* [DATA FOR ANALYSIS]:
----

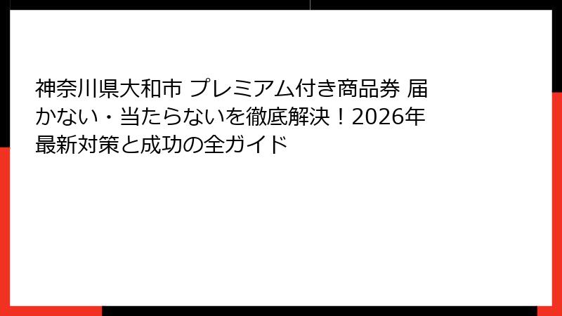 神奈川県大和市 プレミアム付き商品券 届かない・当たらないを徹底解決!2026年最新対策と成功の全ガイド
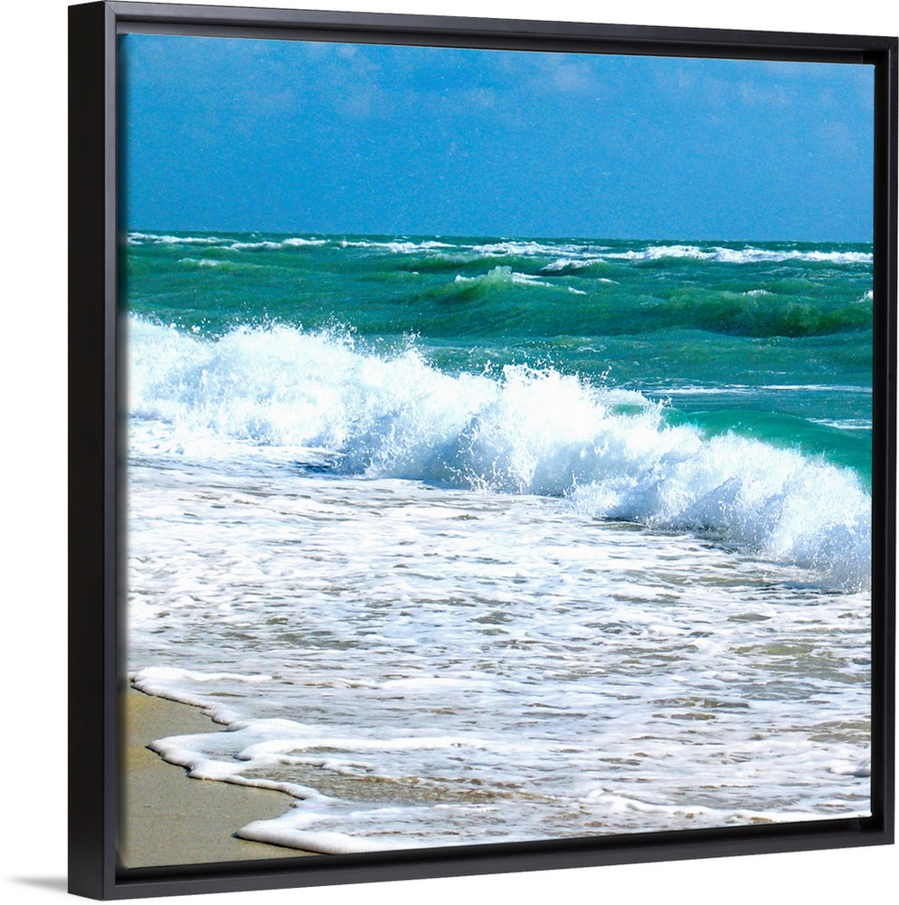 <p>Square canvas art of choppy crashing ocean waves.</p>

----

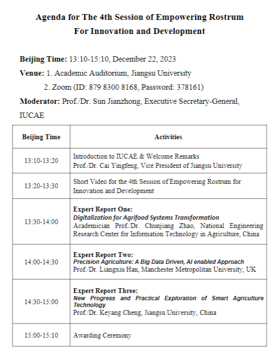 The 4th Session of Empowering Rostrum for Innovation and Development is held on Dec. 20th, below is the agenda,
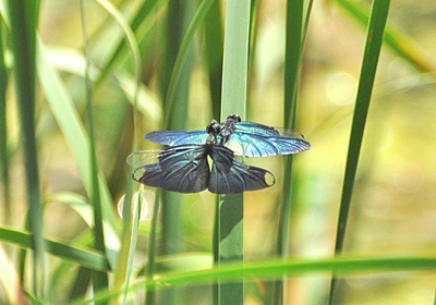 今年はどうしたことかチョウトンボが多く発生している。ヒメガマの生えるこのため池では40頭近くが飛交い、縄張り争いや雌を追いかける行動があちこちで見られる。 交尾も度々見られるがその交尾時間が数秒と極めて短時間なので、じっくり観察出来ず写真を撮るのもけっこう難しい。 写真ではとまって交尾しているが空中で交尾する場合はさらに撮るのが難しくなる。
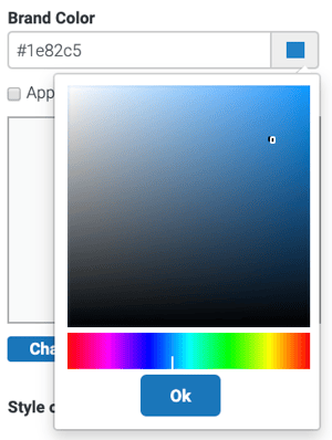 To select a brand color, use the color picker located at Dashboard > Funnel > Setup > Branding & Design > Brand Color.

----

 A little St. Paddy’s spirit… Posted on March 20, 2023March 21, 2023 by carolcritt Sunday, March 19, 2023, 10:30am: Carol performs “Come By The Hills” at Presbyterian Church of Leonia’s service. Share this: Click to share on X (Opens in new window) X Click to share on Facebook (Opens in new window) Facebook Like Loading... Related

----

* [PROBLEM REQUIREMENTS]: Using the entries above, repeat exactly the lines from the one with "The 4th Session" to the one with "To select a", both included, and leave the pictures behind.

* [REPLY]:
 The 4th Session of Empowering Rostrum for Innovation and Development is held on Dec. 20th, below is the agenda,
 今年はどうしたことかチョウトンボが多く発生している。ヒメガマの生えるこのため池では40頭近くが飛交い、縄張り争いや雌を追いかける行動があちこちで見られる。 交尾も度々見られるがその交尾時間が数秒と極めて短時間なので、じっくり観察出来ず写真を撮るのもけっこう難しい。 写真ではとまって交尾しているが空中で交尾する場合はさらに撮るのが難しくなる。
 To select a brand color, use the color picker located at Dashboard > Funnel > Setup > Branding & Design > Brand Color.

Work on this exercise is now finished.